1. The Term ‘Optimization’

When a biologist makes a claim about optimization (e.g., Tyler and Gilliam 1995), it is most often a claim about natural selection among individuals within populations; such a claim generally (but not necessarily) excludes selection at the level of the population or species. More controversially, it usually excludes ‘random’ or nondirectional forces, such as genetic drift (random sampling of gametes and individuals in populations), from having any significant affect on the trait’s evolution.




A claim about optimization also always has an explicit or implicit assumption about trait inheritance, a common one being that the trait values of parents and offspring are identical or nearly so. This, along with the reproductive advantage of an optimal trait, implies that the trait will become fixed in the population, all other things being equal.

2. The Controversy Over ‘Optimization’

What does not engender controversy among evolutionary biologists is the overall theoretical conception of the process of optimization. Most evolutionary biologists agree that one can make predictions of optima for traits and that natural selection could plausibly act to cause evolution in the direction of these optima. In addition, most of these biologists agree that at least some aspects of the process of optimization occur in nature (see Travis 1989 for more details).

What does engender controversy can be better understood by describing the two most important contexts in which optimization is invoked.

2.1 Continuously-Distributed Traits And ‘Optimization’

The first context involves traits having a more-or-less continuous distribution, usually with one central peak. Many traits have such a distribution; often it is statistically indistinguishable from a normal distribution. So, for example, Van Valen and Mellin (1967) showed in their study of human babies in New York City that birth weight has such a bell-shaped distribution. Optimizing selection is invoked in such examples to explain the peaked character of the trait distribution, the hypothesis being that a central trait value performs better than any other trait value. In their study, Van Valen and Mellin showed that the probability of perinatal death is minimal at a central weight (about 3.6 kg for males and about 3.8 kg for females). Ostensibly, this is because more deviant weights are associated with specific physiological deficits that are congenitally or environmentally based, their consequence being a higher risk of death. Subsequent work has revealed that the length of the gestation period also affects the probability of perinatal death (see Schluter and Nychka 1994.)

What then explains the presence of the continuous trait distribution? After all, if there is one best birth weight, why isn’t there at most a small range of birth weights around this best weight? More generally, why do any traits undergoing trait optimization have continuous trait distributions? It is in answering this question that controversy has arisen; there are at least three different claims as to why such distributions occur.

The first claim is that the genetic ‘details’ of trait determination impede the action of optimizing natural selection.

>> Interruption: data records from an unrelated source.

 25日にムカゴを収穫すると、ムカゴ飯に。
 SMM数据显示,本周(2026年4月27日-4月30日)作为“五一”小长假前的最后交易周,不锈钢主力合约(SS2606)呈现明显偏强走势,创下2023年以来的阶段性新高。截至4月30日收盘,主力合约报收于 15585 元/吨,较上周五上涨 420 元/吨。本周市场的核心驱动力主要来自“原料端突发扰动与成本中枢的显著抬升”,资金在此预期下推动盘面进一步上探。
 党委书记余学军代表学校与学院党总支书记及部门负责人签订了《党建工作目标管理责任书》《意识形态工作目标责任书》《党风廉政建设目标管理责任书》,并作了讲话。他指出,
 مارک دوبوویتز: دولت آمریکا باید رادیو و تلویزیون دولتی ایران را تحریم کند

What this means is that the nature of trait determination and the Mendelian ‘breakdown’ of the trait when reproduction occurs act together to generate a continuous trait distribution in the next generation. So, for example, imagine that natural selection is such that only individuals with the optimal trait live to the start of reproduction, the result being that there is only one type of trait remaining in the population at that time. If one assumes that the optimal trait does not breed true and is, say, the result of an individual being a heterozygote at all or most of the loci affecting the trait, then newborn offspring will manifest a continuous trait distribution. This is a necessary consequence of the normal segregation of alleles during gamete production and the subsequent union of gametes to form the offspring of the next generation.

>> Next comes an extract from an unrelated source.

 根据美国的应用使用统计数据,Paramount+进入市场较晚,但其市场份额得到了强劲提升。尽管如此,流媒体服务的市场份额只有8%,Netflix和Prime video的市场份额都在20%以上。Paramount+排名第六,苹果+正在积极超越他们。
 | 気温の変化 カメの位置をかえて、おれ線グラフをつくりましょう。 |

The underlying presumption of this claim about genetic details is that they are an unchangeable impediment to the action of natural selection even when the intensity of selection is strong. This could happen even if the optimal trait is not associated with being a heterozygote at many loci. One possible (but not necessary) consequence is that a stable amount of genetic variation can be maintained in a population, as a result of the balance between optimizing natural selection, which will tend to eliminate genetic variation, and the genetic details of the trait (including mutation), which can act to preserve or increase it. Such a balance has been invoked as an explanation for the high levels of genetic variation seen for some traits in some populations (see Lande 1988 and Turelli 1988 for further discussion.)

The second claim as to why continuous trait distributions occur is that natural selection is not and never will be strong enough or constant enough to eliminate or nearly eliminate nonoptimal traits from the population. However, the presumption here is that this would occur if selection were stronger; genetic details would not get in the way.

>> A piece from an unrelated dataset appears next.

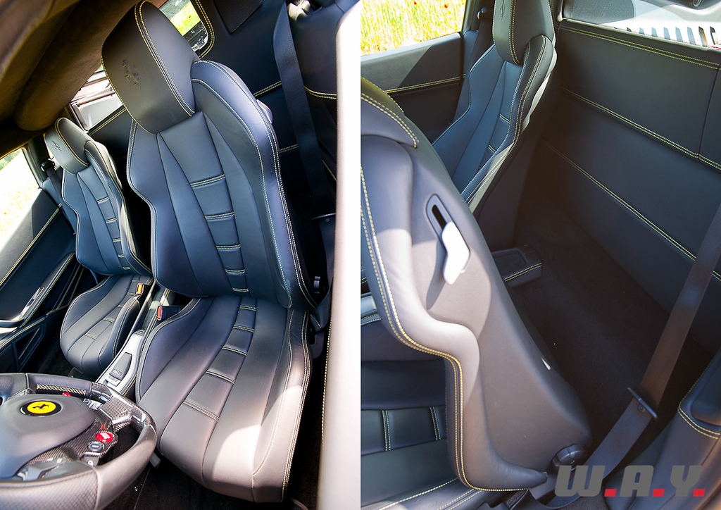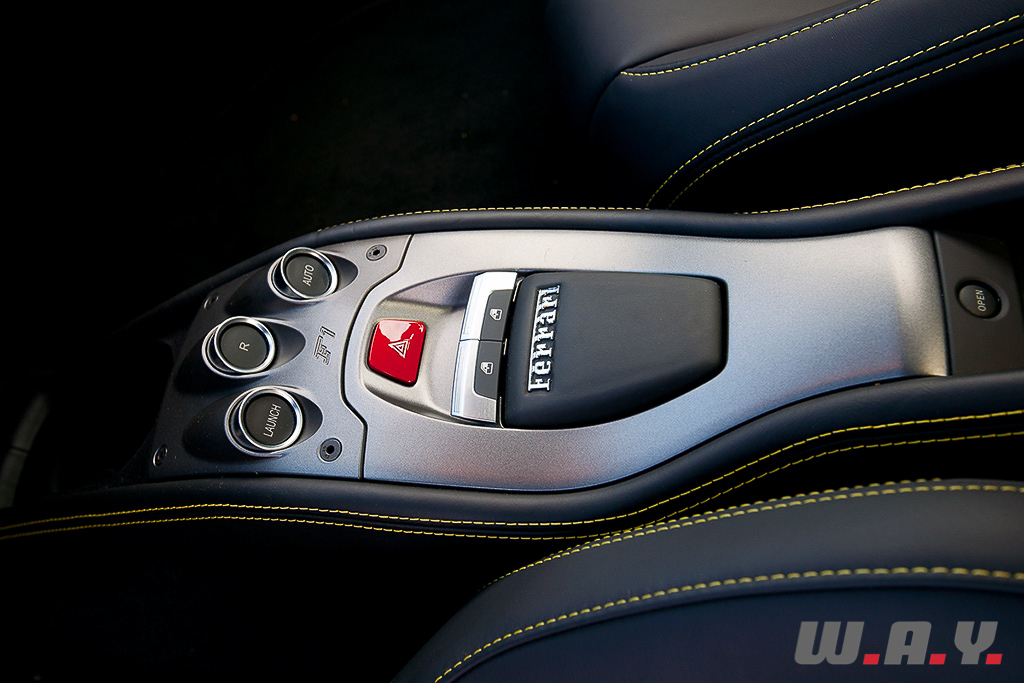 L’audace stylistique a également envahi l’habitacle. Puisant son inspiration dans la Formule 1, l’interface homme-machine se veut révolutionnaire et au plus près du pilote. Ainsi, le volant intègre le célèbre Manettino, forcément, mais également les commandes des clignotants, des phares, des essuie-glaces et des suspensions pilotées. Au sommet de la couronne s’affichent les diodes rouges en fonction du régime, vous indiquant de passer le rapport de vitesses supérieur. Si l’aspect intuitif de cette disposition n’est de loin pas une évidence, les automatismes à l’utilisation des clignotants, par exemple, s’acquièrent finalement assez vite ; même si en fin de journée, dans la circulation urbaine assez dense et nécessitant toute ma concentration, ma main gauche allait toutefois chercher un commodo de clignotants inexistant. La colonne de direction n’accueille plus que les palettes de changement de vitesses. La planche de bord adopte un design pour le moins torturé et futuriste, notamment avec les buses d’aérations entourant l’instrumentation. La finition frise une perfection à laquelle la marque ne nous avait guère habitués avec un habillage de l’habitacle en cuir surpiqué du plus bel effet et des ajustements quasi parfaits.

The third claim is that it is just a matter of time until the continuous distribution disappears and an optimal or near-optimal trait predominates in the population, the notion being that the current data reveal only an intermediate state of a long process. From this viewpoint, natural selection is powerful and sustained enough to cause trait optima to evolve and genetic details will not ultimately prevent this from happening, as the process of mutation will ultimately provide the appropriate kind of genetic variation to allow an optimal trait to become fixed. So, for example, a mutation that when homozygous produces an optimal trait might arise in a population in which the trait has been manifested only by heterozygotes. The truebreeding optimal trait may increase in frequency and displace the heterozygotes (see Hammerstein 1996 and Eshel and Feldman 2001 for further discussion of the dynamics and outcome of this kind of long-term evolution.)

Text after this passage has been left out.